Снова разом зазвучало несколько голосов, но на этот раз они не соглашались друг с другом — кое- кто твердил, что кошмары приснились им позже, уже здесь, в особняке.
— Тихо! — рявкнул Ханнер. Он встал и обратился к Рудире: — Когда тебе привиделся кошмар?
— Я не спала, когда на меня снизошла сила, — ответила она. — У меня что-то будто вспыхнуло в голове... и я смогла взлететь и... ну, об остальном все вы знаете. А сон про то, как я горела, падала и задыхалась, я увидела только здесь, в этом доме.
Ханнер кивнул и показал на Йорна.
— Мне ничего не снилось, — проговорил солдат. — Когда поднялся крик, я не спал и начал помогать другим в казарме — ну, и обнаружил, что могу двигать вещи.
Следующий, Алар, сын Агора, спал, когда на город обрушилась неведомая магия, его пробудил кошмар, который возвратился, правда, не с такой силой, когда он лег спать в доме лорда Фарана.

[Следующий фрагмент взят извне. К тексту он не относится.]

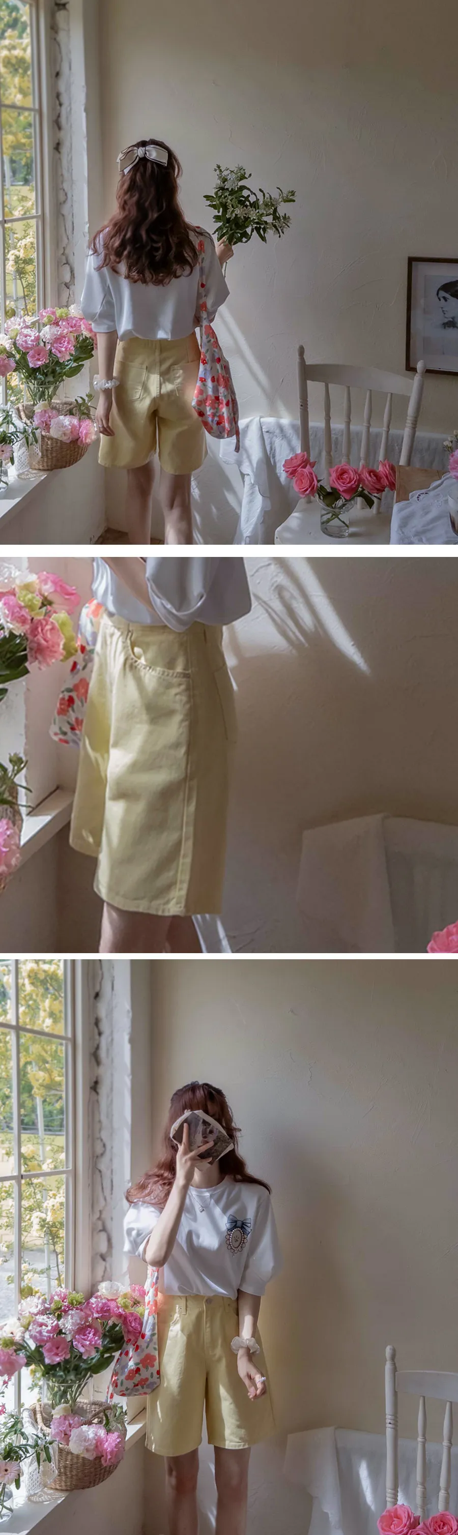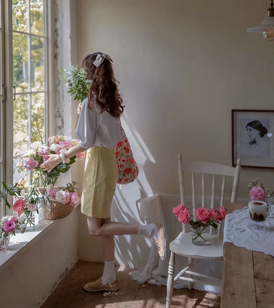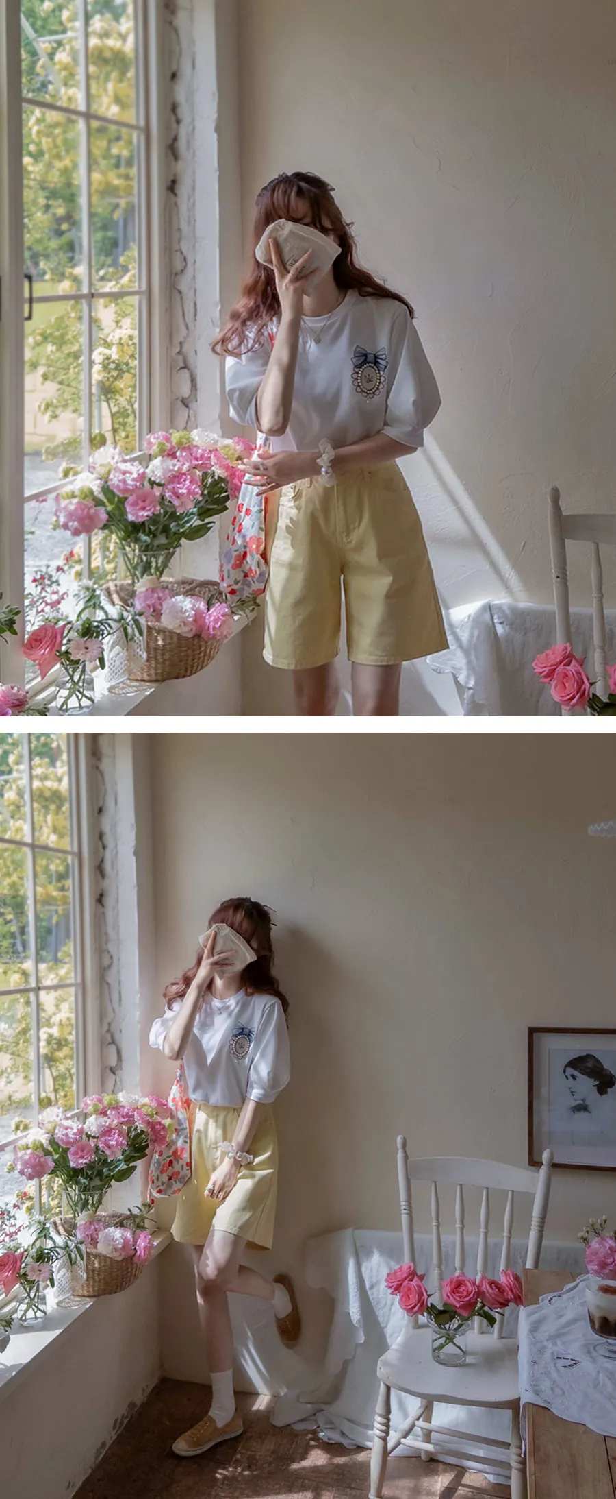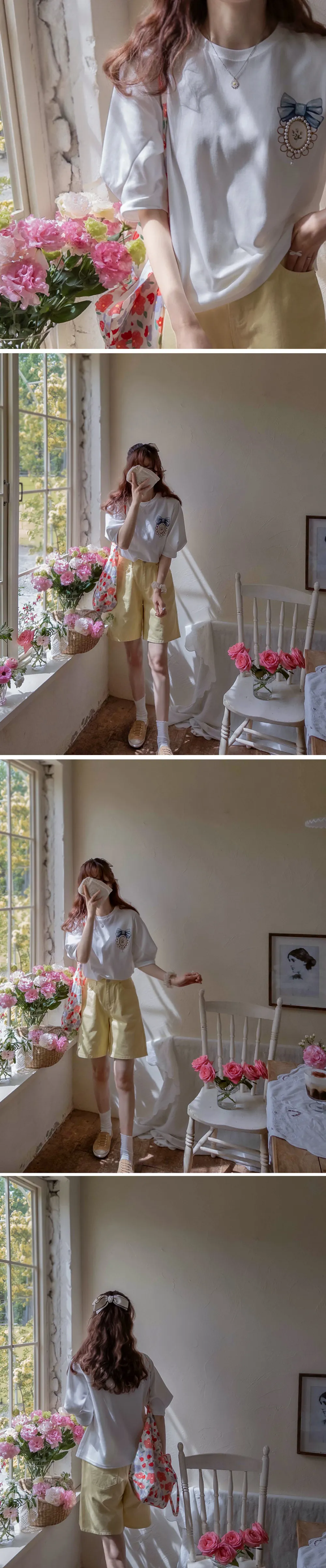 【胸針的立體珍珠裝飾】【給人清新感的顏色】【珍珠胸針和絲帶印花的上衣】【袖子很漂亮,獨特的寬鬆造型】【充滿愉快氛圍,從現在開始一直到夏天都可以穿搭

Следующая, та молодая женщина, чьи простыни кружились над ней, была разбужена кошмаром, но он не возвращался. Ханнер спросил ее имя, и она назвалась Артальдой Прелестной.
В конце концов выяснилось, что из одиннадцати присутствующих чародеев четверо, когда пришла сила, бодрствовали, а семерых оставшихся разбудил кошмар, причем один и тот же — об огненном полете в земляную ловушку. Четверым — двоим из тех, кто не спал, и двоим, видевшим кошмар раньше, страшный сон, хотя и не такой пугающий, приснился здесь, в особняке на Высокой улице.
Ни Ханнеру, ни Альрис, ни Берну не снилось ничего, насколько они могли вспомнить.
— Второй сон был другим, — сказала Дессет с Восточной Стороны, толстушка, одна из тех, кому кошмар снился оба раза. Накануне, пока отряд наводил порядок в городе, она была среди летунов. — Меня что-то звало. А в первый раз, по-моему, нет.
— Меня звало тоже, — согласилась Рудира.
— А меня звало оба раза, — заявил Варрин-Ткач, последний из летунов, дважды видевший страшный сон. Обретение им магических способностей имело самые разрушительные последствия — его дом еле уцелел.
В это время в столовую вошел еще один только что проснувшийся чародей, и Рудира тотчас взяла его в оборот.
— Снилось тебе что-нибудь ночью? — требовательно спросила она.
— Что? — переспросил чародей, паренек по имени Отисен, сын Окко.
Рудира повторила вопрос. Отисен, сын фермера, который оказался в городе ради того, чтобы посоветоваться со жрецом, как раз когда появилась новая магия, недоуменно оглядел смотревших на него людей.
— Снилось вроде, — сказал он. — Точно не помню.
Рудира, похоже, готова была допрашивать его дальше, но тут вмешался Ханнер.
— Вряд ли это имеет значение, — проговорил он. — Думаю, уже ясно, что здесь действовал какой- то общий фактор — нечто, породившее ваши кошмары и наделившее вас странной магической силой. Ясно и то, что на разных людей это нечто повлияло по-разному — именно поэтому кто-то из вас более могуществен, у кого-то более яркие сны и так далее. Выяснять точно, какое воздействие на кого оказано, не так уж и нужно. А вот что, возможно, нужно и важно — так это выяснить, что оно такое, постоянен ли эффект и можете ли вы что-то еще, о чем до сих пор мы не знаем. Нам известно, что сила не исчезла, что кошмары все еще снятся, — но сны видели не все, и во второй раз они были, похоже, не такими яркими, как сначала. А теперь скажите: заметил ли кто-нибудь еще что-то необычное? Может быть, магия ослабла?
Чародеи переглянулись.
— Вчера, когда все только началось, было много крика, — заметила Рудира.
— Это из-за кошмаров, — сказал Зарек. — Я проснулся от своего крика, и другие вокруг меня — тоже. Я так перепугался, что решил, будто вот-вот свихнусь.
— Может, так и случилось, — сказал кто-то. — Может, мы все свихнулись, и теперь все нам только мерещится.